Saturday, December 27, 2008

A Friend, her Death, a Lesson

Susie D was my one longtime friend in high school, an all girls private day school in Connecticut. From 8th grade, when I started, through 11th, when she left for boarding school, she was the one person I could count on to be loyal and accepting, even in the dark days when my other classmates were beginning to laugh at me and dub me the zombie, because I stared blindly into space and would not respond to conversation, not even a direct question.

A tiny, birdlike thing, with pipe-stem limbs, an oval face, and thick wavy hair, Susie had large, dark, hyperopic eyes, magnified only the more by her thick lenses. She was by the far the smartest girl in my class, having skipped a grade in days when that was virtually unheard of, and was especially talented in music ñ composition, violin and piano and languages, though frankly she was good at everything she undertook. Even when, for unknown reasons except general disaffection and unhappiness, she refused to do any schoolwork and her motivation slipped, her grades plummeted, she still easily got into Columbia (Barnard in those days), and missed Harvard only by a hair.

Then, just before she turned 21, she took an overdose of pills and alcohol in her dorm room, and died, the first suicide at Barnard in nearly a decade. I know this because though Susie and I were only exchanging letters at the time, with rare phone calls in between, my father saw the article in the New York Times and announced -- to one and all, but his intentions directed at me, sitting as far away from him as possible in the dining room -- Guess who died!

Naturally I had no idea. Who? I grudgingly responded.

Susie D-- he said, with what seemed like a certain gloating satisfaction.

I felt my heart go cold and dead. Now what had I done? Why hadn’t I known she was in trouble? Why hadn’t I saved her? Hadn’t I walked by her house during school vacation only a few days earlier, or so it seemed, and not stopped to say hello, mostly because at 80 pounds I felt I was too fat to be acceptable? Iíd even crossed the street and hid my head lest her father, working in the pachysandra outside, recognize and invite me in.

In the days and weeks that followed, Susie was with me everywhere. In my dreams, in my fantasies, even seemingly in strangers I passed on the street. The pressure of my guilt kept me up at night, and during the day I saw everything with the eyes of the newly grieving. I never let an hour go by when I didn’t think of her, desperately afraid that were I to slip and forget her, even for a moment, that ultimate betrayal would push her away forever. I often woke from sleep thinking I could call her to chat or even just to get her expert help in solving the notoriously difficult Sunday Times doublecrostic. I forgot she was dead. It seemed to me that if I kept her in my thoughts, she was still truly and actually alive, and I did all I could to keep her that way, refusing to accept the stone-hard fact of her death.

One particularly troubled night, I went to bed late and when I dreamed I dreamed of Susie, as I so often did. I describe this episode in my book, and so won’t ruin the suspense by relating it here, except to say that I woke feeling better than I had in months, certain I’d had a visitation and had been advised by Susie herself to let go of my feelings of guilt and understand she’d chosen to do what she did. Most important of all was her “message” that I was not to follow her to the grave, but was to “join the party,” continue living my life.
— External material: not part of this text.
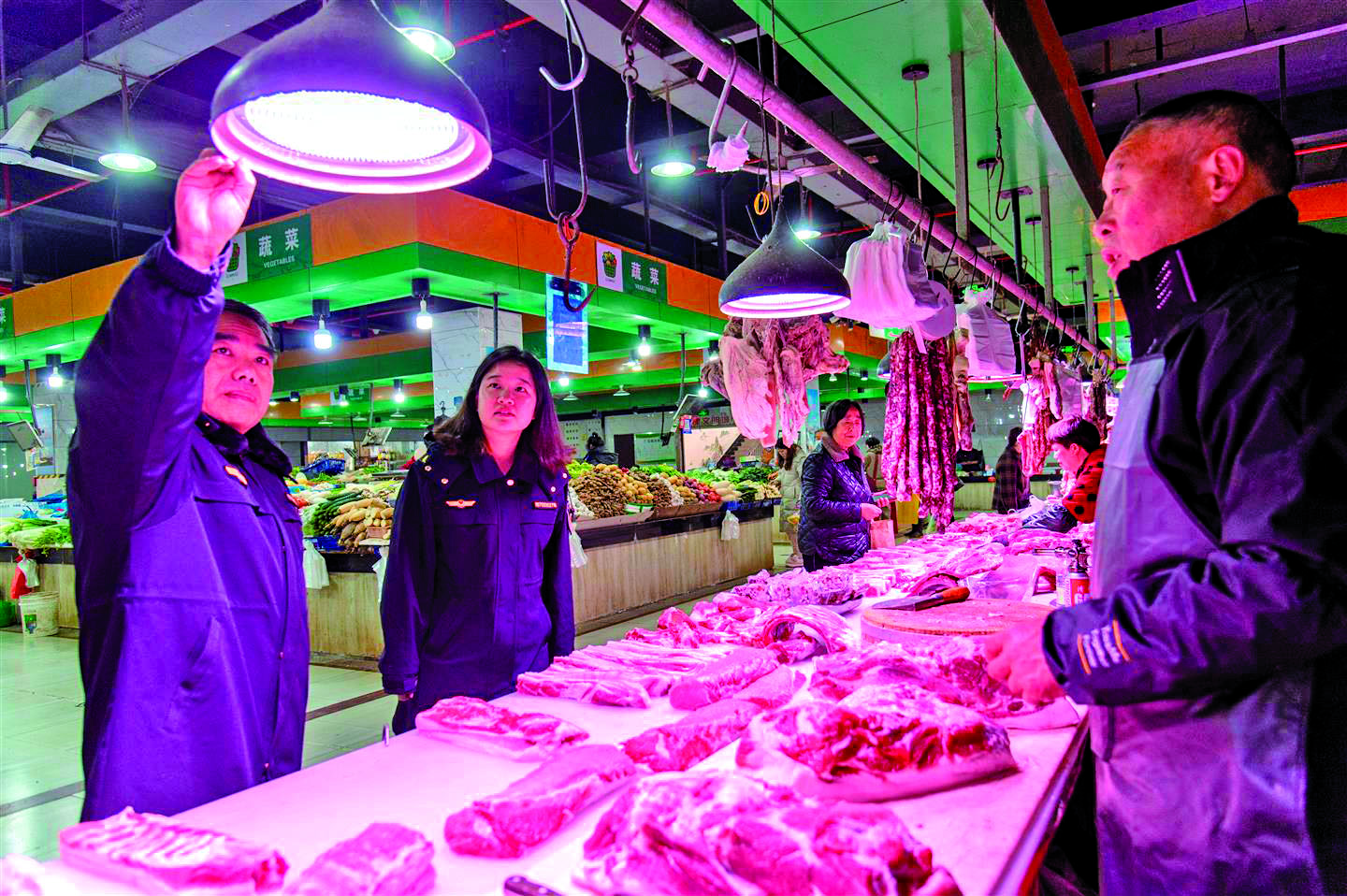 日前,在兰溪市兰江街道排岭农贸市场,当地市场监管人员正在检查肉制品摊位的照明情况。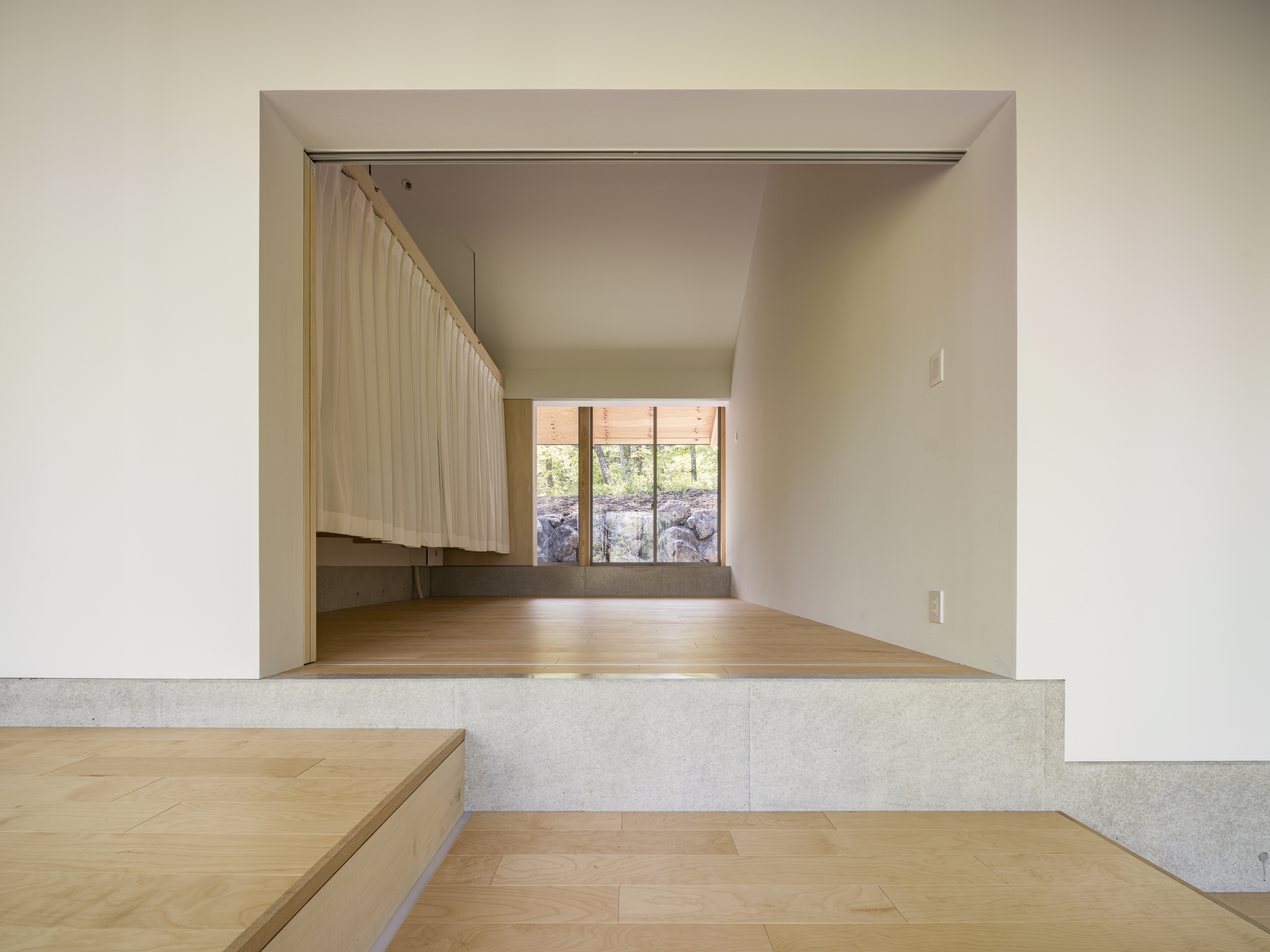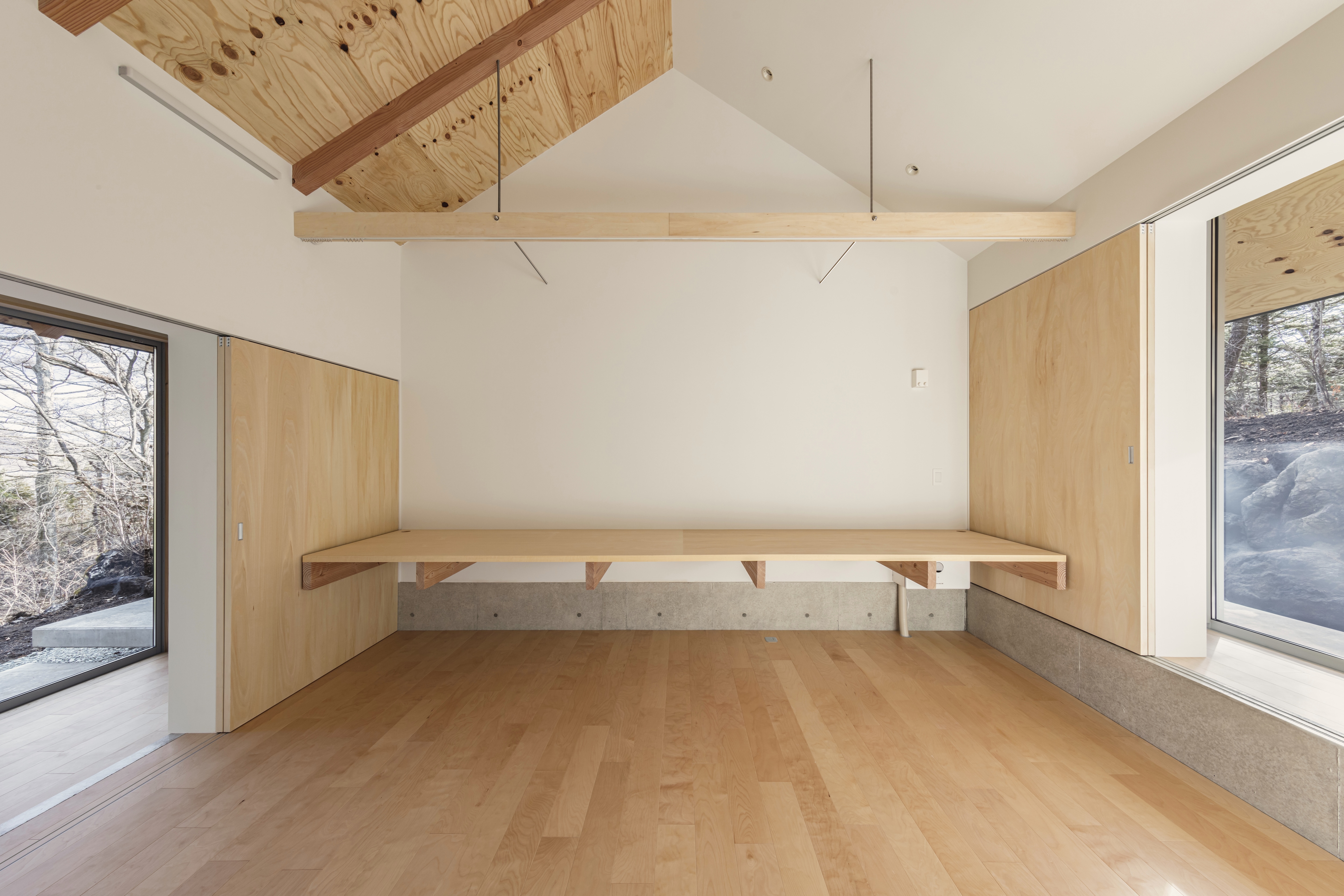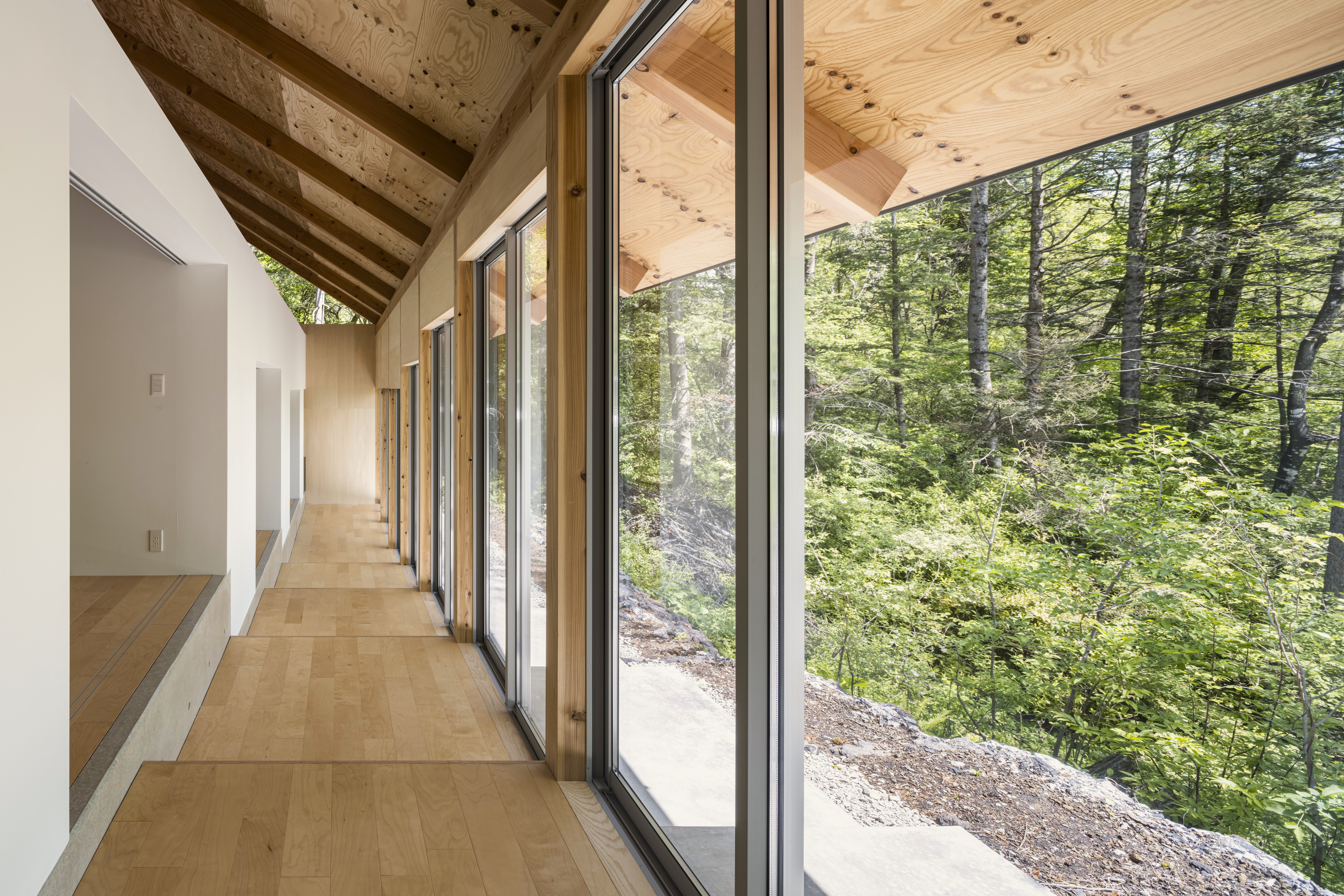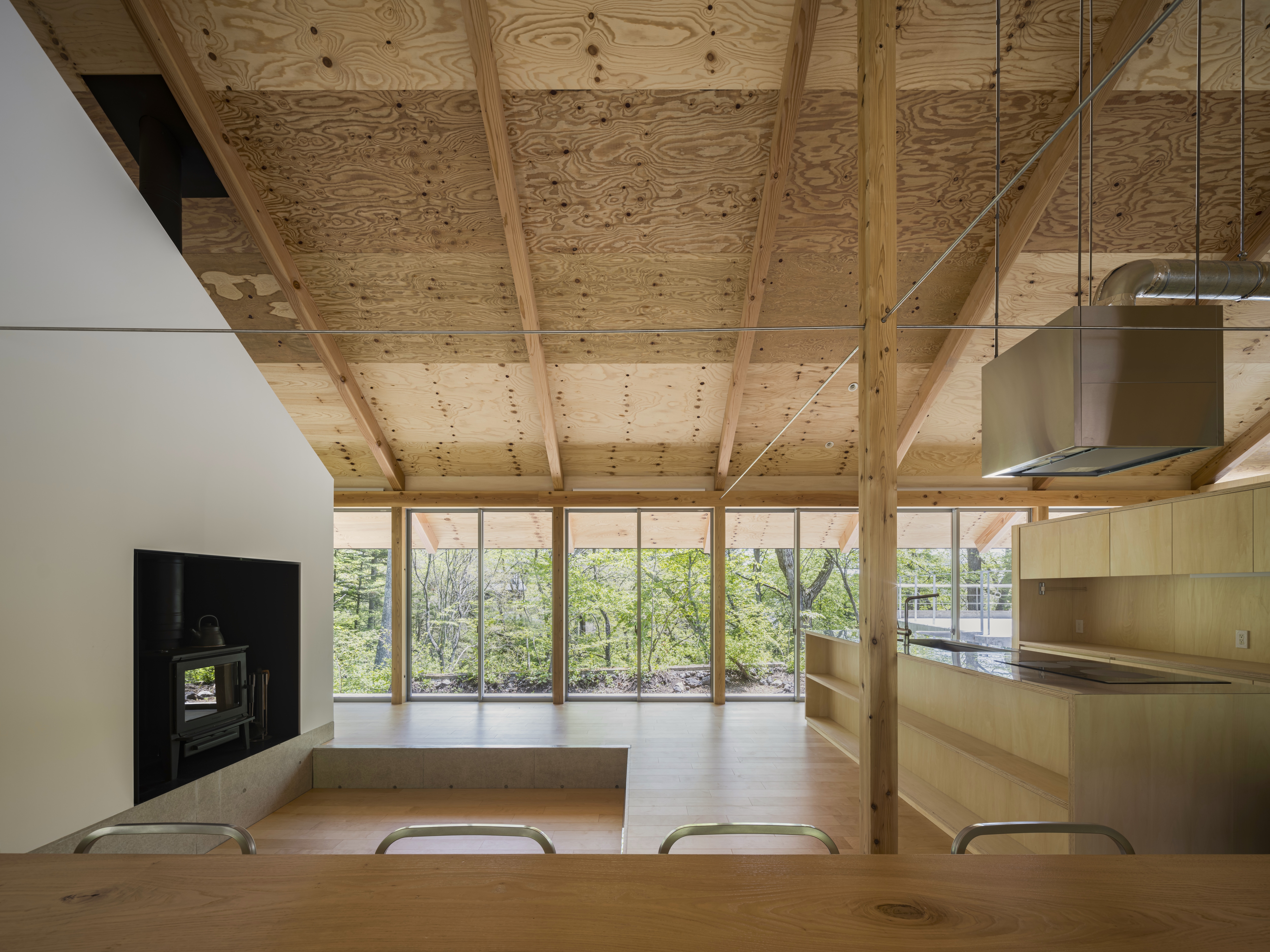 카루이자와의 별장은 네 가족의 열네 명이 함께하는 별장을 재건한 계획이다. 광대한 숲에 자리하여 주변의 집들도 보이지 않는 곳에 있다. 건축주는 이 지역에서 오랜 기간 별장을 소유하며 수많은 경험을 쌓았다. 여름에는 계곡 아래 시내에서 수박을 식히고, 가을에는 숲으로 나가 밤(栗)을 모았다. 건축주는 매년 여름휴가 일주일 동안 식사를 해 먹고, 빨래하고, 청소하면서 다른 사람과 함께 공존하는 경험을 ‘훈련소와 같다’고 표현했다. 그래서 디자인은 ‘숲으로 나가기’와 ‘훈련소 같은 느낌’의 두 가지 경험을 기반으로 하였다. 동쪽으로 경사지는 숲과 최대한 많은 접점을 가지기 위해 남북으로 길고 좁게 부지를 설정했다. 약 30m 길이의 길고 가느다란 형태의 매스는 기존 건축물이 있던 평지를 벗어난 경사 지대에 배치했고, 평지와 경사 사이의 최대 1m 수준의 높이 차이를 활용했다. 건축가는 어디서든 숲에 접근할 수 있도록 건물의 긴 면을 알루미늄 창문으로 계획하여 숲과 함께 사는 가족의 경험을 아우르는 공간을 만들었다.

I never forgot her, though she died over thirty years ago. And every so often late at night I’ll find myself writing a poem one yet again about her or to her. But this is not unhealthy. Susie was my friend. Why shouldn’t I still remember her, her wittiness and intelligence and loyalty, with fondness and affection? In some sense it *has* kept her alive, if only in my memory, and for that I am both glad and grateful.